» **TASK ITEM**:
Below are records with pictures in them. Output exactly the lines from the one with "Orsan Michele (detail)" through the one with "Отдел экологического просвещения", both included, and leave every picture out; give only those lines.

*** PROVIDED RECORDS ***

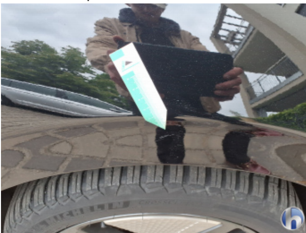
8. Kotflügel Vorne - Rechts Kratzer - Smart Repair
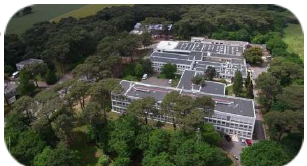
Etablissement de l'EREA (internat)
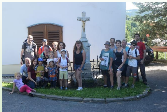
Po splnění jednoho z úkolů u kaple v Hlásnici

O prázdninách jsme se vydali za poznáním svojanovských strašidel . Seznámili jsme se s holičem Kubičkem, babou Kalafunou, panem Hamrlíkem, ohnivou sviní, obrem Pulusánem a Mezulíny.
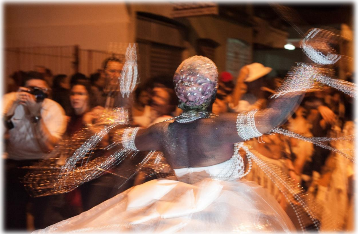
Fig. 19 - Yemanjá Ogunté gira no compartilhamento espiralar com Ogum e mostrar a força da guerreira.
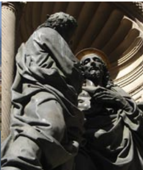
Orsan Michele (detail)
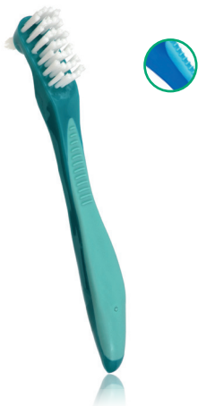
201 GUM Denture Brush per protesi - 902222850
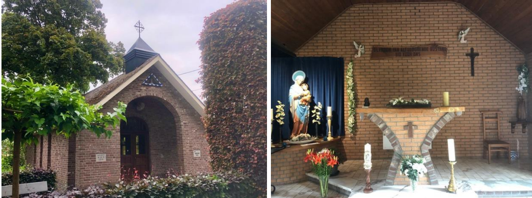
Het kapelletje van de Hees

Aan KP 213 neem je afscheid van het kanaal om richting Hamont te fietsen (KP 568). Links zie je het Boskapelletje van de Hees. De kapel is gewijd aan O.L.V. van Altijddurende Bijstand.
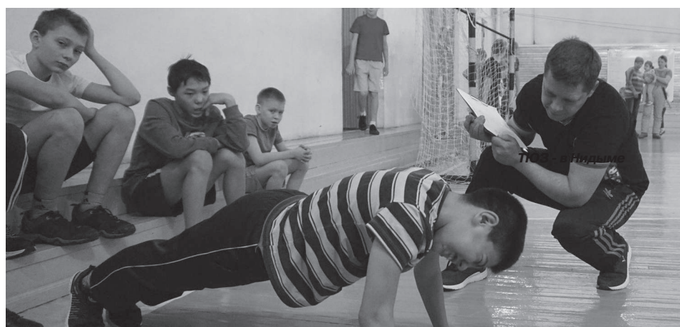
Участники соревнований выложились по полной

Отдел экологического просвещения ГПЗ «Тунгусский»
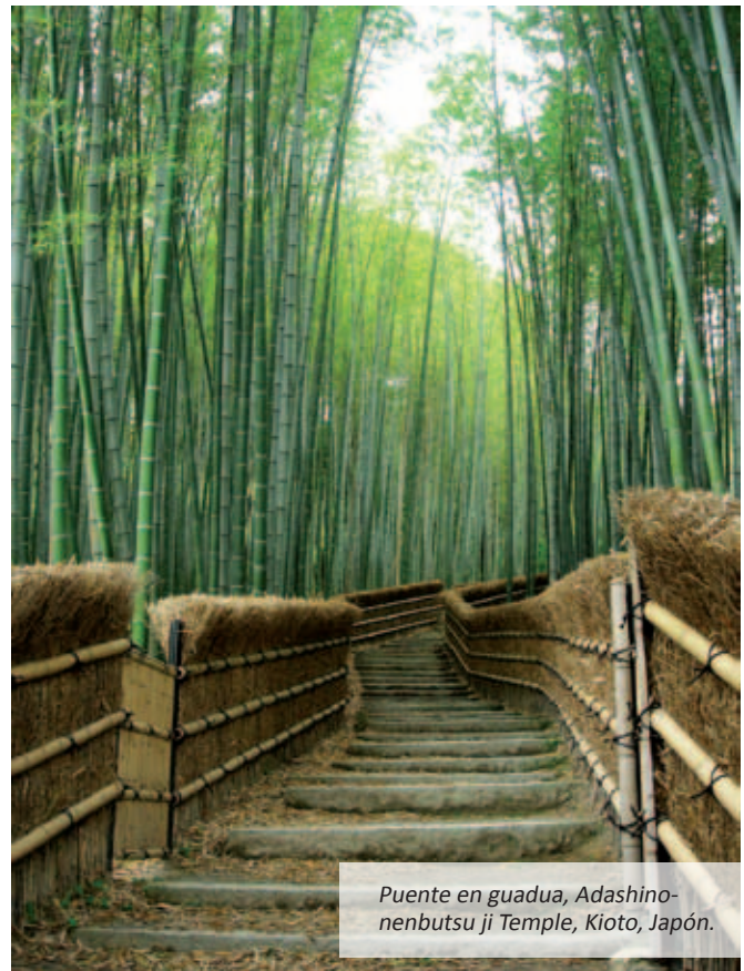
Puente en guadua, Adashino-nenbutsu ji Temple, Kioto, Japón.

No obstante la importancia y lugar que, los puentes en mención, ocupan en la historia —a razón de las técnicas desarrolladas, las soluciones ofrecidas por la ingeniería estructural, el uso de materiales como el hormigón o el acero y las consideraciones económicas que determinaron las construcciones— el hombre ha trabajado en otras obras que —con menos presupuesto e inversión— se constituyen también en soluciones efectivas; no sólo como pasos físicos de comunicación, sino como íconos arquitectónicos que integran recurso renovable e interesantes técnicas constructivas; estos son los puentes en guadua.

*** End of PROVIDED RECORDS ***

» **EXERCISE SOLUTION**:
Orsan Michele (detail)
201 GUM Denture Brush per protesi - 902222850
Het kapelletje van de Hees

Aan KP 213 neem je afscheid van het kanaal om richting Hamont te fietsen (KP 568). Links zie je het Boskapelletje van de Hees. De kapel is gewijd aan O.L.V. van Altijddurende Bijstand.
Участники соревнований выложились по полной

Отдел экологического просвещения ГПЗ «Тунгусский»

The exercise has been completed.